Material to process:
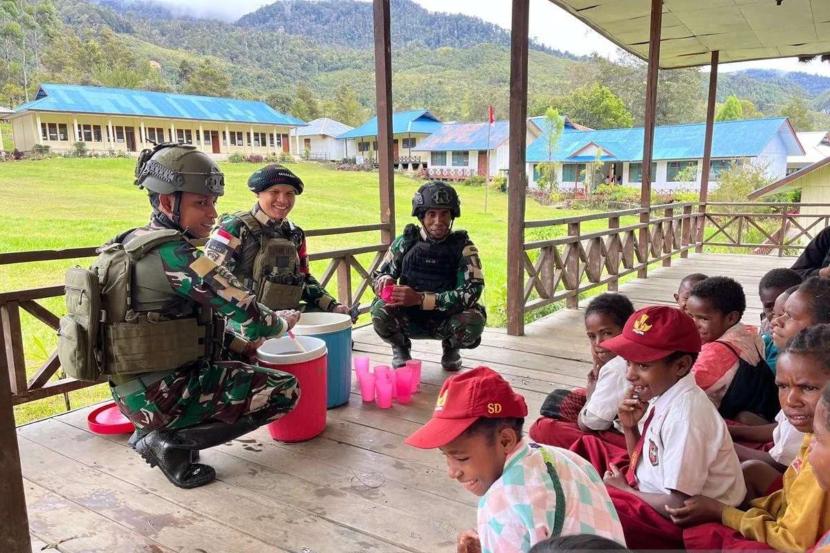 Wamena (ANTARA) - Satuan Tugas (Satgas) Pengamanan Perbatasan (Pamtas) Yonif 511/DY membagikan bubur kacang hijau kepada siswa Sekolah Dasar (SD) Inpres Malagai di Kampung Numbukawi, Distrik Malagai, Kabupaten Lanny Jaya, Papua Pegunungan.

---

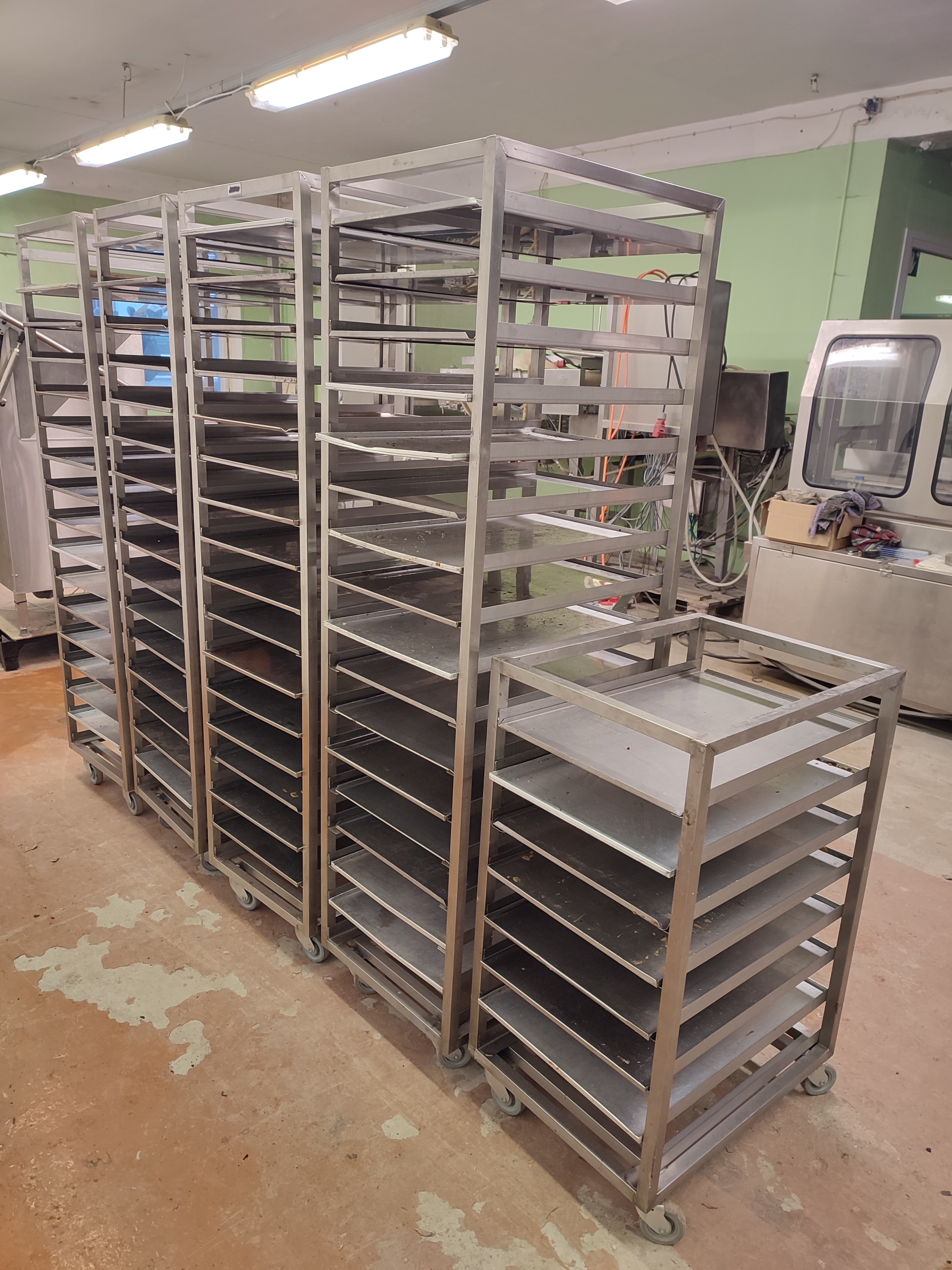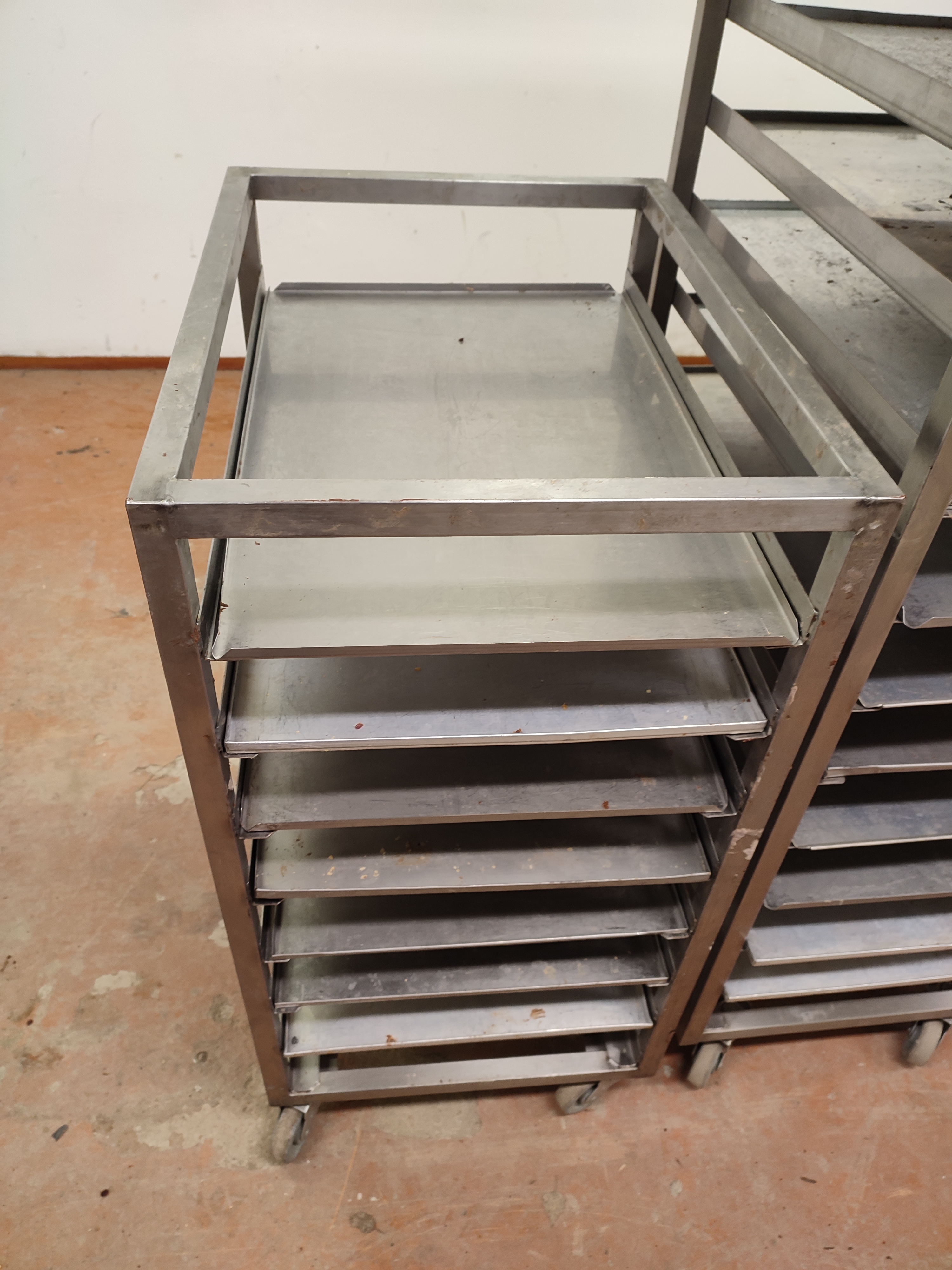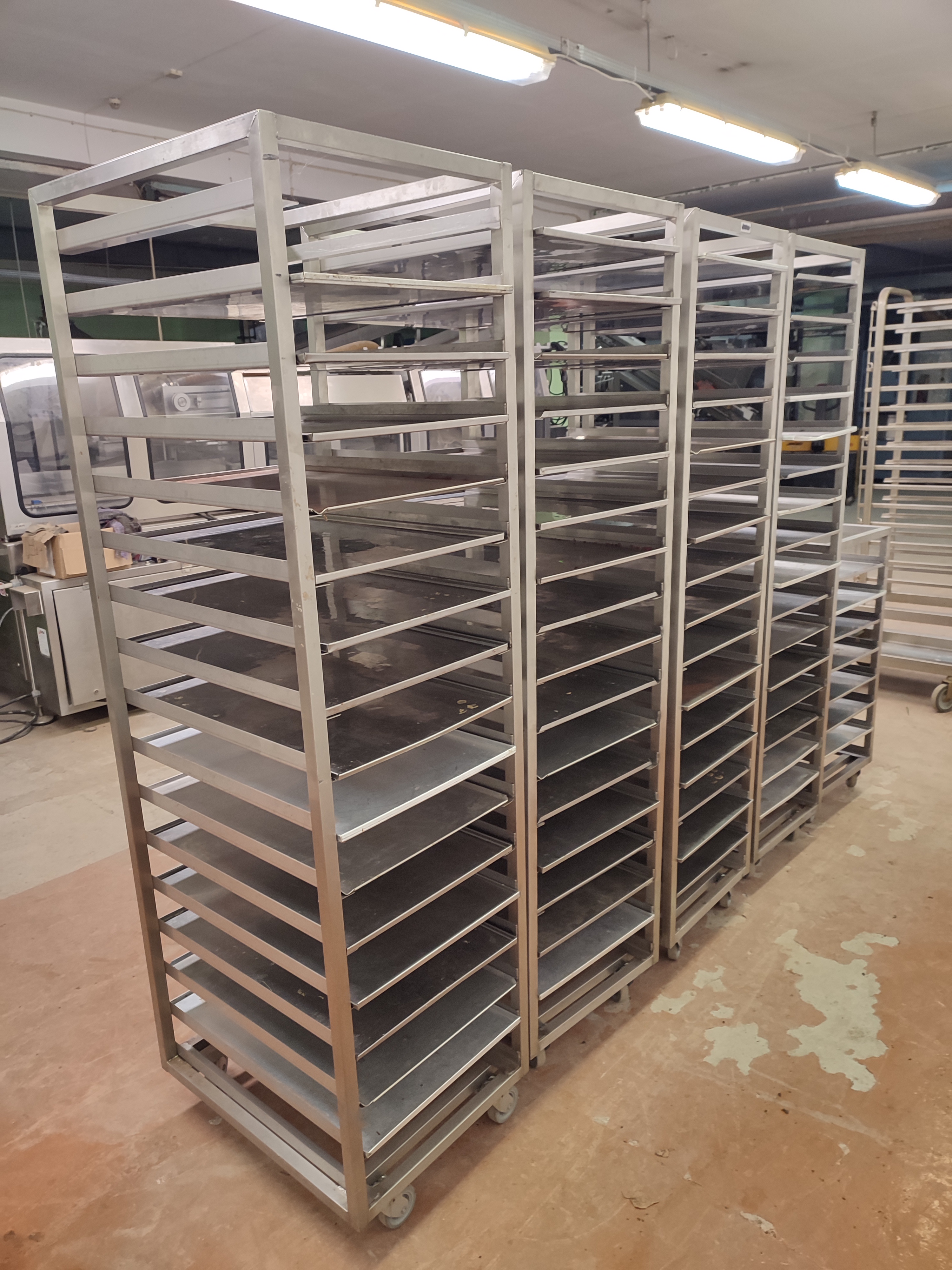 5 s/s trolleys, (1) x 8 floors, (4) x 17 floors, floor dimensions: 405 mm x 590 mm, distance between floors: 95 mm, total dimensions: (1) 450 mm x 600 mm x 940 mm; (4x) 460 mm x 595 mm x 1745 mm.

==

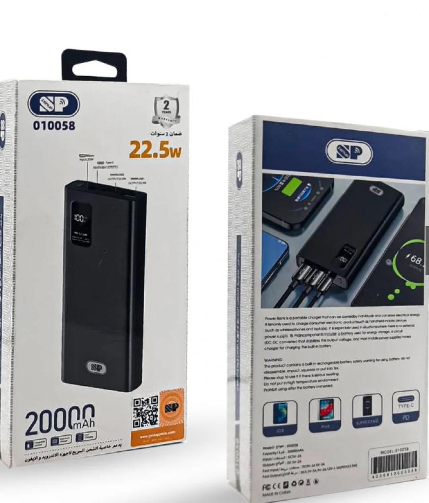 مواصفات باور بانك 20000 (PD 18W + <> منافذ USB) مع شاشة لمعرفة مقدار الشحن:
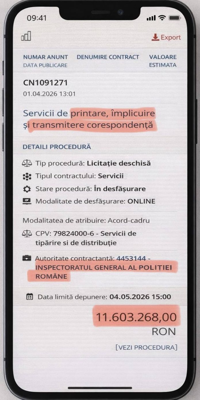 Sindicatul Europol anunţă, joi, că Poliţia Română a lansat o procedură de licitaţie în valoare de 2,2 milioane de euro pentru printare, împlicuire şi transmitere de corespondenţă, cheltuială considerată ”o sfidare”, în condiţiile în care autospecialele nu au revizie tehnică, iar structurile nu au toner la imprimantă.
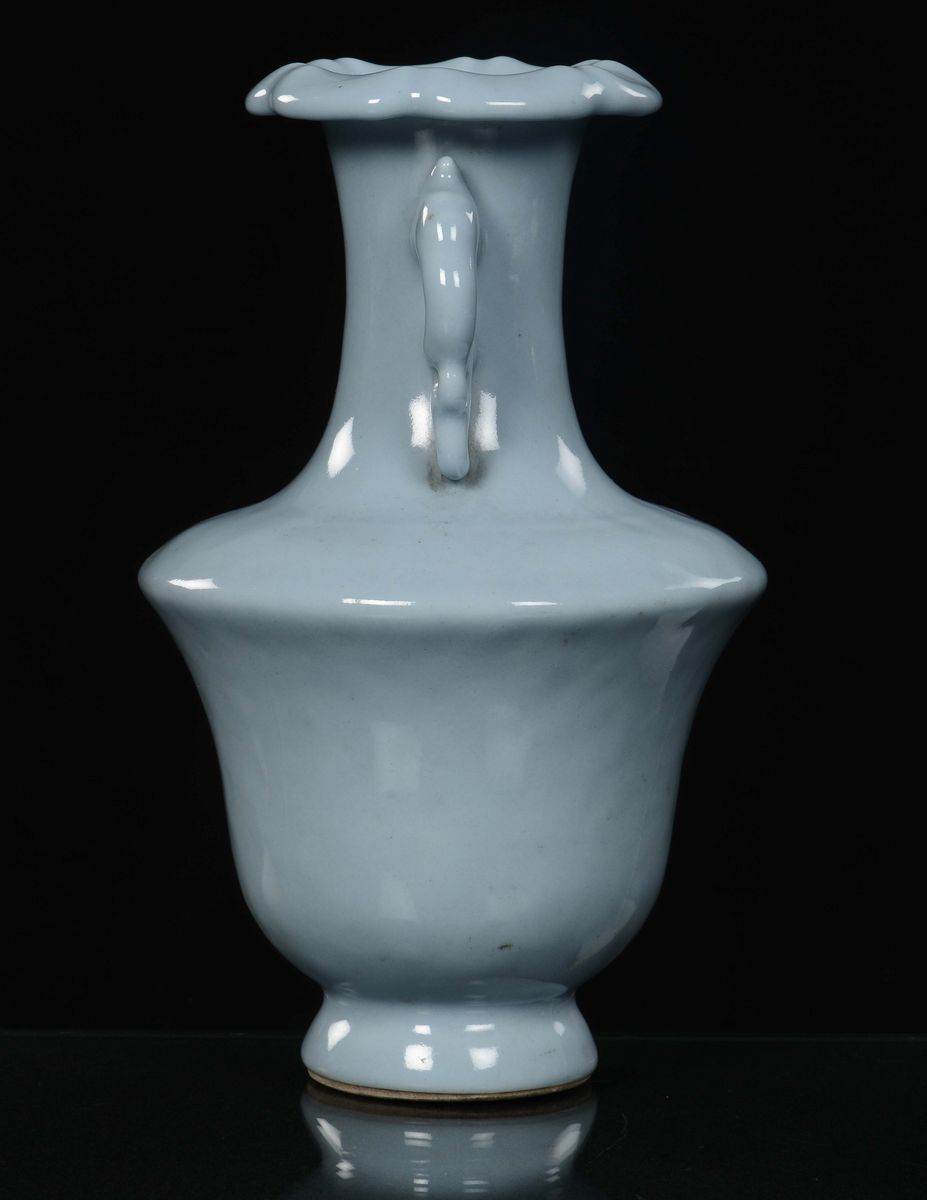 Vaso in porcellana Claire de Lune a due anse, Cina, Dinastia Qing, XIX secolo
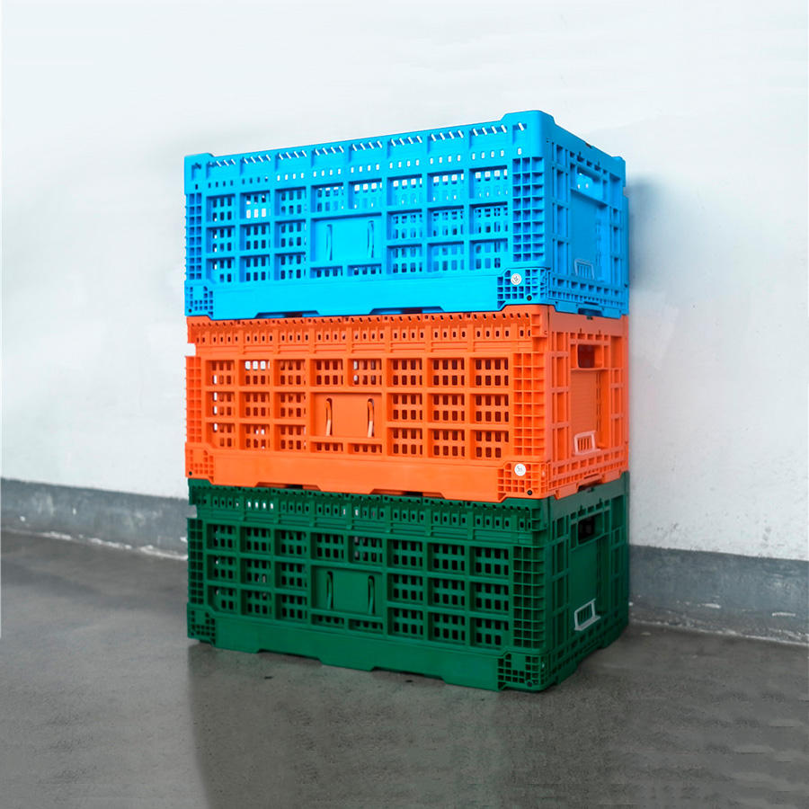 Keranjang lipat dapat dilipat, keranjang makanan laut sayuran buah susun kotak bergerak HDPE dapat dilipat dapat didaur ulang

Exercise requirements:
Without the pictures, give again exactly the lines above starting at the line containing "Vaso in porcellana" and ending at the line containing "Keranjang lipat dapat".

Answer to the exercise:
 Vaso in porcellana Claire de Lune a due anse, Cina, Dinastia Qing, XIX secolo
 Keranjang lipat dapat dilipat, keranjang makanan laut sayuran buah susun kotak bergerak HDPE dapat dilipat dapat didaur ulang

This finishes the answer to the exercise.